You say Asian American Christians end up buying into Western supremacy. How does that work?
It’s a weird tension, because Western Christianity is not the only ancient form of Christianity, right? There’s the Eastern Orthodox Church, there’s the Mar Thoma tradition in India since the first century, there’s the Ethiopian church and many other church traditions that have ancient roots. But because Asian Americans are often only exposed to kind of this European-centric idea of Christian tradition, we think that that’s the only way. We don’t realize that the Western tradition is just as culturally influenced and has a lot of baggage that has nothing to do with Jesus. We’re not taught how to tease those things out; we need to learn from other people who’ve done it, like the Black church.
If we just imbibe Western-centric theology as God-given rather than man-made, we unfortunately absorb Western supremacy. Obviously, there’s this core to the faith that is true, but we don’t have to adopt all the cultural trappings as well.
Why do you suggest Asian American Christians bring in Eastern philosophies?
I was taught early on to be very suspicious of anything outside of Western Christianity as potentially dangerous, as potential syncretism, that might draw me away from God. So I wasn’t really exposed to my own culture for a long time. We didn’t celebrate traditional Asian festivals. It’s only as an adult that I’ve been able to reclaim some of those things. Western evangelicalism, and especially a more fundamentalist version of it, is overly condemnatory of other cultures. It almost makes you ashamed to be Asian.
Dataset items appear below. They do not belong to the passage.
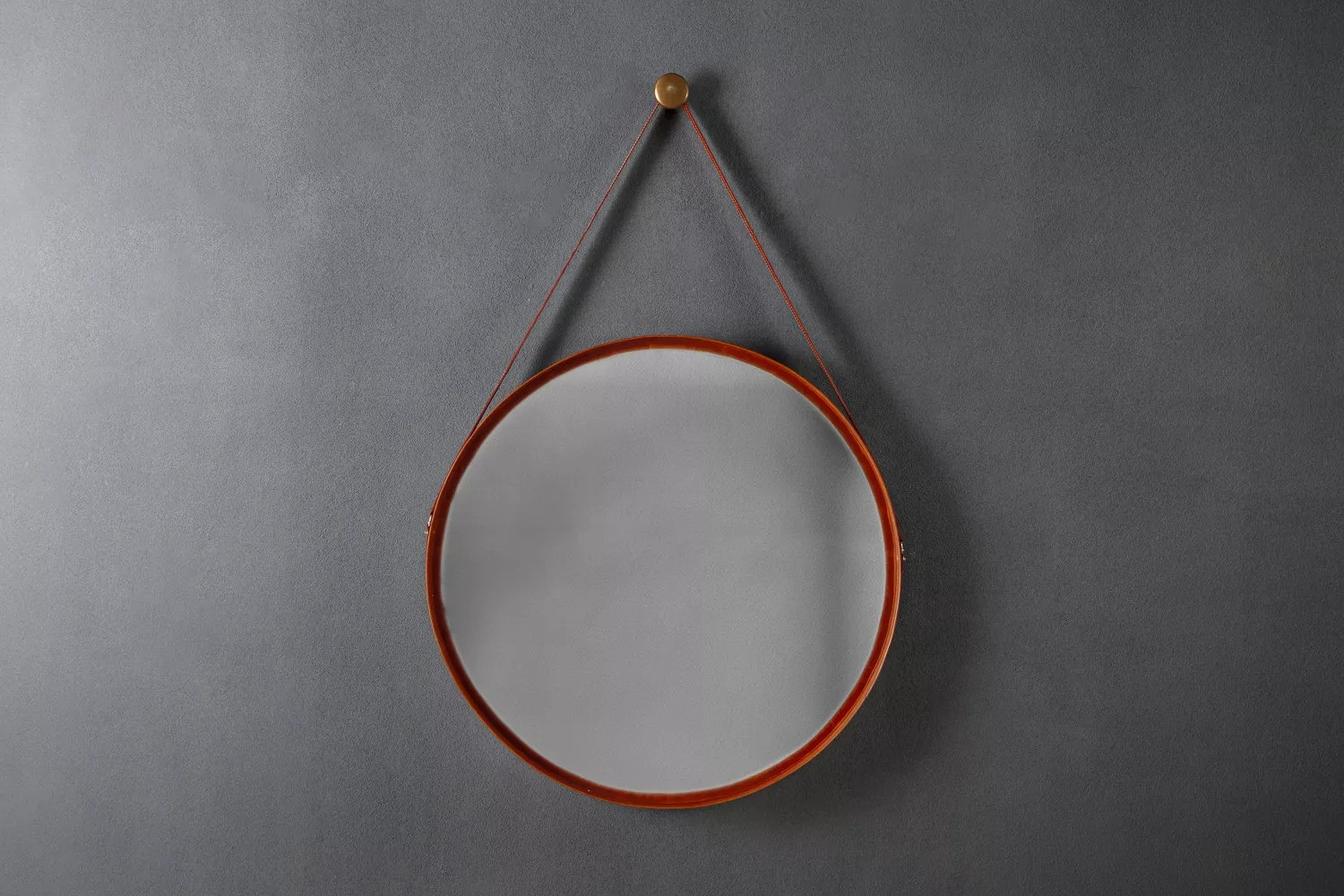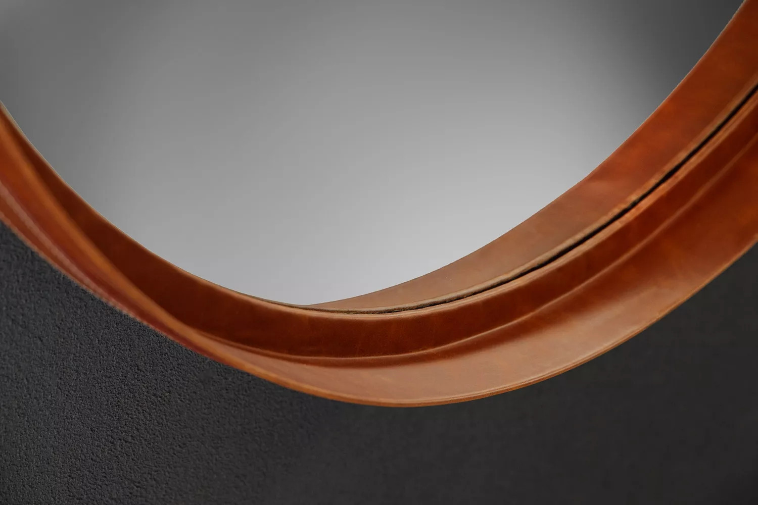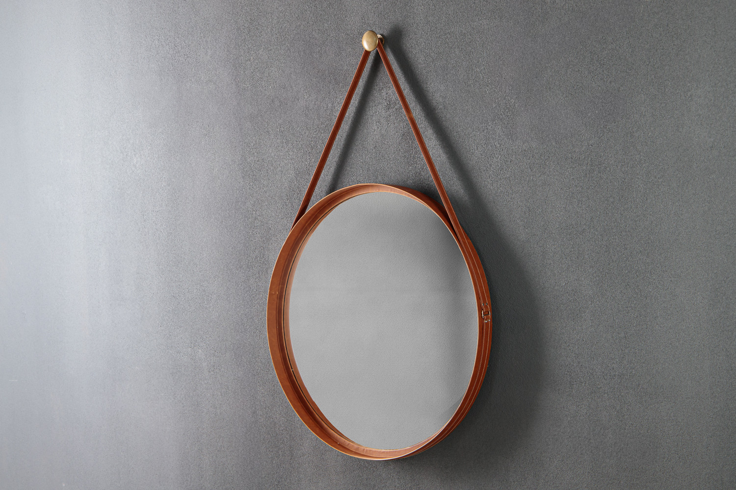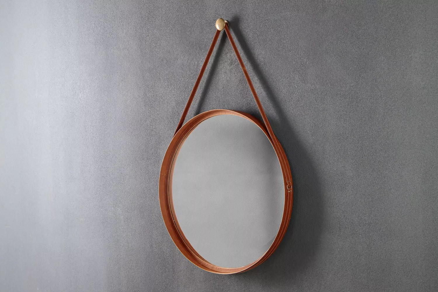 Add a touch of sophistication to your home with the Nyla Leather Framed Mirror. This statement piece combines functionality and beauty, featuring a circular mild steel frame that radiates modern elegance. The leather strap enhances its unique design, providing a practical yet stylish hanging solution. Perfect for any room, this mirror complements a wide range of decor styles, making it an ideal choice for contemporary and classic interiors alike. This piece includes a hanging attachment to complete its alluring appearance.
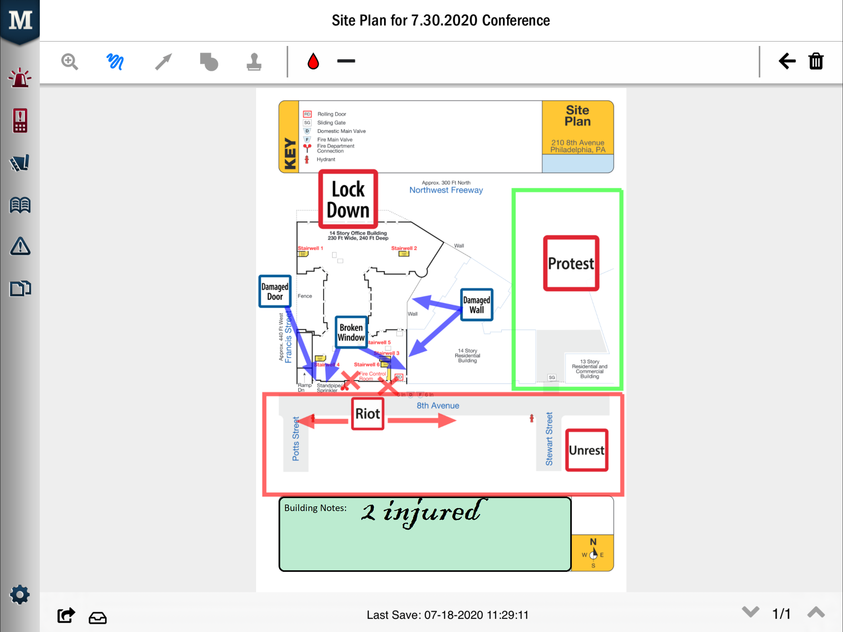 To determine where all your entry/egress routes are, then use our annotator to highlight (in green) safe escape routes and (in red) the routes to avoid that can lead to known danger areas, then share with staff and tenants so everyone knows the big picture
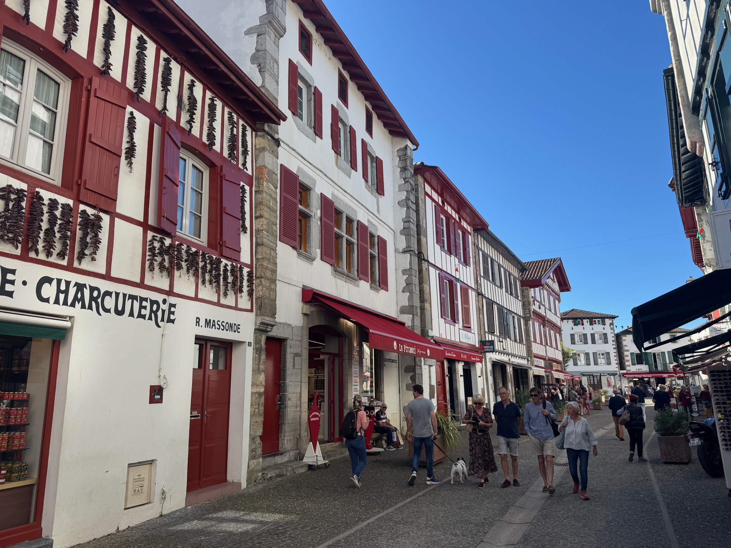 Next, a 30 minute or so drive to Espelette, one of the most famous towns in the entire Pays Basque. Even when visiting Biarritz and Saint-Jean-de-Luz (The previous dash record holder), you begin to appreciate Espelette’s fame. You’ll see Espelette stores, postcards, and the famous Espelette pepper products all over the region. The town is famous for its pepper, but even if you take the pepper out of the equation, it’s still very pleasant.
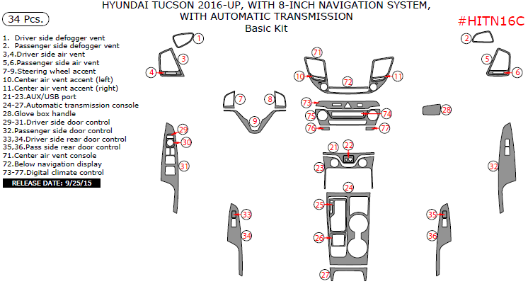 Hyundai Tucson 2016, 2017, With 8-Inch Navigation System, With Automatic Transmission, Basic Interior Kit, 34 Pcs.
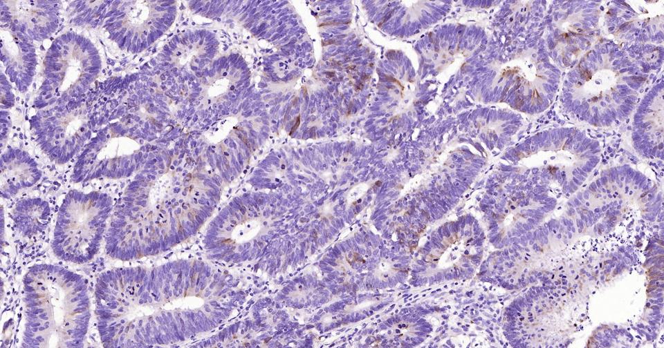 Paraformaldehyde-fixed, paraffin embedded Human Colon Cancer; Antigen retrieval by boiling in sodium citrate buffer (pH6.0) for 15 min; Antibody incubation with Phospho-CDK1/2 (Thr14) Monoclonal Antibody, Unconjugated(bsm-61198R) at 1:200 overnight at 4°C, followed by conjugation to the SP Kit (Rabbit, SP-0023) and DAB (C-0010) staining.
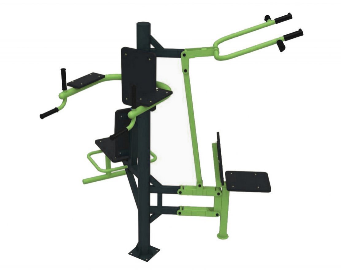 Уличный тренажёр «3-сторонний» — это универсальный спортивный тренажёр, который может использоваться как для воркаута, так и для общефизической тренировки. Он состоит из брусьев, верхней тяги и поднимания ног и может быть установлен как отдельно, так и на спортивной площадке.
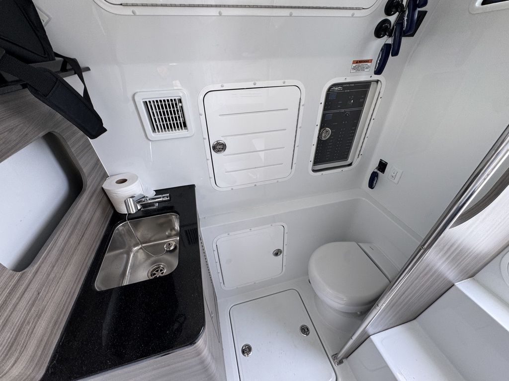 - Large Enclosed Cabin w/ Head, Sink, Rod Storage, Bed, and Air Conditioning

Reclaiming our traditions in a way that synergizes with the gospel of Jesus is possible and healthy and revelatory. American evangelicalism says, “This is how you connect with God”: Do your daily Bible reading, do your journaling time, do your prayer time,” and that’s the mark of a good Christian, right? That’s great, and it works for people. But there’s different seasons of faith, and if there’s no openness to other ways of connecting with God, it really stifles people — and not just Asian Americans. I have friends of all different backgrounds who say it doesn’t always work for them to connect with God in that one way.
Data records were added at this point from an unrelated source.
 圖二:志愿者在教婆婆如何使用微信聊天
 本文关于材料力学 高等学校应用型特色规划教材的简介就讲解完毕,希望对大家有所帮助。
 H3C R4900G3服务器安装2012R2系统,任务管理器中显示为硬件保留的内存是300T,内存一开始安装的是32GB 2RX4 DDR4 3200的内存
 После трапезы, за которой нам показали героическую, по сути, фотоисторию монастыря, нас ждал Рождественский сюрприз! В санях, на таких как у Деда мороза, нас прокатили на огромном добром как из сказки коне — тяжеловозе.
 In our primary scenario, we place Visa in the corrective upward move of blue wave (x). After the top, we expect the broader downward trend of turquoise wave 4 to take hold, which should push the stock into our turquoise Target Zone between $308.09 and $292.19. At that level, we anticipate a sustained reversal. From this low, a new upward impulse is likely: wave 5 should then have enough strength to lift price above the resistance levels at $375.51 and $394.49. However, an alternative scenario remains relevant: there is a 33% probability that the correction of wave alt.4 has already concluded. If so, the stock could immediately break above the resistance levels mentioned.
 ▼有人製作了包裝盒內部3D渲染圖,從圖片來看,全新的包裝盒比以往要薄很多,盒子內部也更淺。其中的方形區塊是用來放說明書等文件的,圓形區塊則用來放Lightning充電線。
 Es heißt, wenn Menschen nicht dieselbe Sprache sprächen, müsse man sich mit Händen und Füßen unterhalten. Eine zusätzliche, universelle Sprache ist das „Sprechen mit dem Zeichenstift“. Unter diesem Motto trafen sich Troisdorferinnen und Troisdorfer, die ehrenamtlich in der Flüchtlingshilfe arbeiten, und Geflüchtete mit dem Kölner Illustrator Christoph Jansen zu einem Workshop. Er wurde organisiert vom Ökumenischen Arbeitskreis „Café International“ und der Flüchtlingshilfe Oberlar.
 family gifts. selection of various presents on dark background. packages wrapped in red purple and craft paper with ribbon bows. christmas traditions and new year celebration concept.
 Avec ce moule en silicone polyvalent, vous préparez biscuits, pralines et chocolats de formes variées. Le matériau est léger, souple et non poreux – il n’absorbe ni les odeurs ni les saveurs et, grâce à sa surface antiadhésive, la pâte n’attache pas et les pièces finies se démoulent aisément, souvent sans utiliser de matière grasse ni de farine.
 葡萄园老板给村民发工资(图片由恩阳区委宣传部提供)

So it’s been really helpful for me to learn from Asian American Christians and Asians still in Asia. Their different spiritual practices, whether more embodied ways of viewing faith or more contemplative traditions, have been really helpful to me. Or learning about Buddhism or Taoism. I don’t know a lot, but just reading some of the texts and understanding from some of those practitioners how they center themselves and meditate, it’s really freeing just to see other ways to nourish our souls and connect with God.